With the spread of Islam, chess diffused into the Maghreb and then to Andalusian Spain. During the Islamic conquest of India (c. 12th century), some forms came back to India as well, as evidenced in the North Indian term māt (mate, derivative from Persian māt) or the Bengali borey (pawn, presumed derived from the Arabic baidaq).

Over the following centuries, chess became popular in Europe, eventually giving rise to modern chess.

==Rules==

The initial setup in shatranj was essentially the same as in modern chess; however, the position of the white shah (king), on the right or left side was not fixed. Either the arrangement as in modern chess or as shown in the diagram were possible. In either case, the white and black shāh would be on the same file. The game was played with these pieces:
Shatranj pieces
| | shah (king) |
| | ferz or wazir (counselor or ferz) |
| | rukh (rook) |
| | pīl, or "alfil" in Arabic (elephant or alfil) |
| | asb or faras (horse or knight) |
| | sarbaz / piyadeh, or "baydaq" in Arabic (soldier, infantryman or pawn) |

- Shāh ("king" in Persian) moves like the king in chess.
- Ferz (Wazir) ("counselor"; also spelled fers; Arabic firz, from Persian فرزين farzīn) moves exactly one square diagonally, which makes it a rather weak piece. It was renamed "queen" in Europe. Even today, the word for the queen piece is ферзь (ferz) in Russian, vezér in Hungarian, vezir in Turkish, vazīr in Persian and wazīr in Arabic. It has analogue to the guards in xiangqi.
- Rukh ("chariot"; from Persian رخ rokh) moves like the rook in chess.
- Pīl, alfil, aufin, and similar ("elephant"; from Persian پيل pīl; al- is the Arabic for "the") moves exactly two squares diagonally, jumping over the square between. Each pīl could reach only one-eighth of the squares on the board, and because their circuits were disjoint, they could never capture one another. This piece might have had a different move sometimes in chaturanga, where the piece is also called "elephant". The pīl was replaced by the bishop in modern chess. Even today, the word for the bishop piece is alfil in Spanish, alfiere in Italian, fil in Turkish, fīl in Persian and Arabic, and слон ("elephant") in Russian. As chess spread from Iran northward to Russia, and westward into eastern Europe, south to Italy, and finally westward, it mostly retained the original name and look of the piece as an elephant. Usually, it was carved as a rounded shape with two blunt points representing the elephant's tusks. In Christian Europe, this piece became a bishop because the two points looked like a bishop's mitre to those unfamiliar with elephants in Western Europe. An early example of the bishop being used is the Lewis chessmen chess set of the 12th century. The elephant piece survives in xiangqi with the limitations that the elephant in xiangqi cannot jump over an intervening piece and is restricted to the owner's half of the board. In janggi, its movement was changed to become a slightly further-reaching version of the horse.
- Asb (Faras) (current meaning of "horse" in Persian, from old Persian Asp (اسپ)), moves like the knight in chess.
- Piyadeh ("infantryman"; from Persian پیاده piyāde; also called Sarbaz "soldier") in Persian and adopted later to Baydaq (بيدق) in Arabic (a new singular extracted by treating the Persian form as an Arabic broken plural), moves and captures like the pawns in chess, but not moving two squares on the first move. When they reach the eighth rank, they are promoted to ferz.

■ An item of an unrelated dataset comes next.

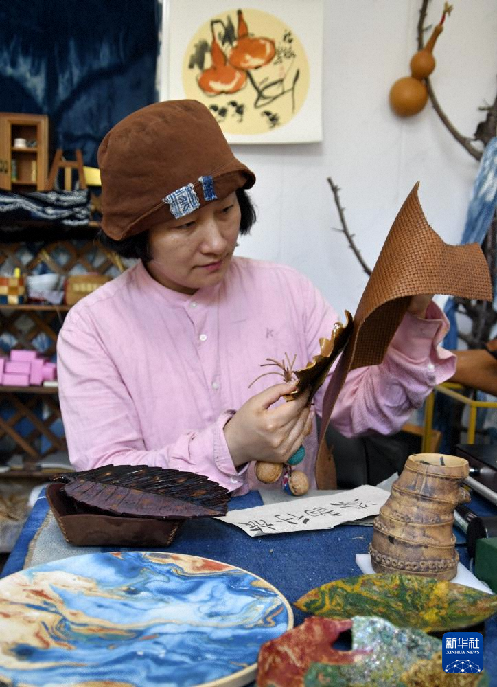 在怀柔区桥梓镇禧宝露文化中心,髹漆皮艺技师任捷在研究皮艺制作的原材料(8月6日摄)。新华社记者 李欣 摄

Pieces are shown on the diagrams and recorded in the notation using the equivalent modern symbols, as in the table above. In modern descriptions of shatranj, the names king, rook, knight and pawn are commonly used for shah, rukh, faras, and baidaq. However, the ferz and alfil are sometimes treated as distinct, and given their own symbols. Specific ferz and alfil symbols have been provisionally accepted for a future version of Unicode.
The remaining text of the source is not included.